§ Your assignment: Print the listing exactly as it stands, and skip any pictures in it.

§ Data below:
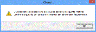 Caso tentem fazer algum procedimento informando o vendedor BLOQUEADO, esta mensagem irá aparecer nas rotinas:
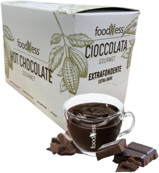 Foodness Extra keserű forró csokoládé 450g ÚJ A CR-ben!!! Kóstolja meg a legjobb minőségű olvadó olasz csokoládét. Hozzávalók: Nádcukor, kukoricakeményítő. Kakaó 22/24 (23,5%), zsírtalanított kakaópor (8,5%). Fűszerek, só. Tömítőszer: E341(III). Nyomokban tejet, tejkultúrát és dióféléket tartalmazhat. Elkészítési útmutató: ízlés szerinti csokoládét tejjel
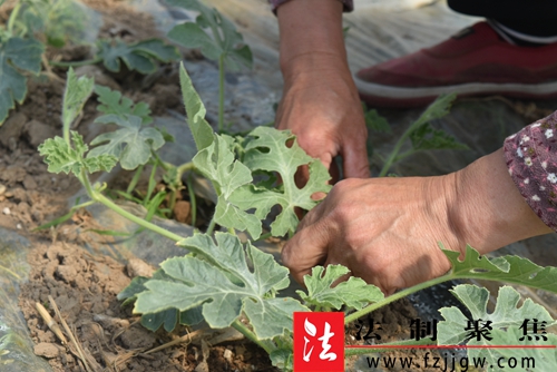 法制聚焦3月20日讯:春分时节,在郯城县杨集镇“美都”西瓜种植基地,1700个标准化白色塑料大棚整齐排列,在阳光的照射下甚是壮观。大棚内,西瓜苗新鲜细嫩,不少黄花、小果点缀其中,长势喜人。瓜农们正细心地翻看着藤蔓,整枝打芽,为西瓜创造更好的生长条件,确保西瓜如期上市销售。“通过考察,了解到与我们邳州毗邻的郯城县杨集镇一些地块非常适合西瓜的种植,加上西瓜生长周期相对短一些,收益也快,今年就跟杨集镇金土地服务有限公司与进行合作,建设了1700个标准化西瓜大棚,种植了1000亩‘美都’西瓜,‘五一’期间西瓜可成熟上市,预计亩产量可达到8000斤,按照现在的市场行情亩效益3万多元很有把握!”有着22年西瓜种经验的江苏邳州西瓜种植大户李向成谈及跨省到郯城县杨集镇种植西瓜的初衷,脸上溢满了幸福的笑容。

§ Reply:
 Caso tentem fazer algum procedimento informando o vendedor BLOQUEADO, esta mensagem irá aparecer nas rotinas:
 Foodness Extra keserű forró csokoládé 450g ÚJ A CR-ben!!! Kóstolja meg a legjobb minőségű olvadó olasz csokoládét. Hozzávalók: Nádcukor, kukoricakeményítő. Kakaó 22/24 (23,5%), zsírtalanított kakaópor (8,5%). Fűszerek, só. Tömítőszer: E341(III). Nyomokban tejet, tejkultúrát és dióféléket tartalmazhat. Elkészítési útmutató: ízlés szerinti csokoládét tejjel
 法制聚焦3月20日讯:春分时节,在郯城县杨集镇“美都”西瓜种植基地,1700个标准化白色塑料大棚整齐排列,在阳光的照射下甚是壮观。大棚内,西瓜苗新鲜细嫩,不少黄花、小果点缀其中,长势喜人。瓜农们正细心地翻看着藤蔓,整枝打芽,为西瓜创造更好的生长条件,确保西瓜如期上市销售。“通过考察,了解到与我们邳州毗邻的郯城县杨集镇一些地块非常适合西瓜的种植,加上西瓜生长周期相对短一些,收益也快,今年就跟杨集镇金土地服务有限公司与进行合作,建设了1700个标准化西瓜大棚,种植了1000亩‘美都’西瓜,‘五一’期间西瓜可成熟上市,预计亩产量可达到8000斤,按照现在的市场行情亩效益3万多元很有把握!”有着22年西瓜种经验的江苏邳州西瓜种植大户李向成谈及跨省到郯城县杨集镇种植西瓜的初衷,脸上溢满了幸福的笑容。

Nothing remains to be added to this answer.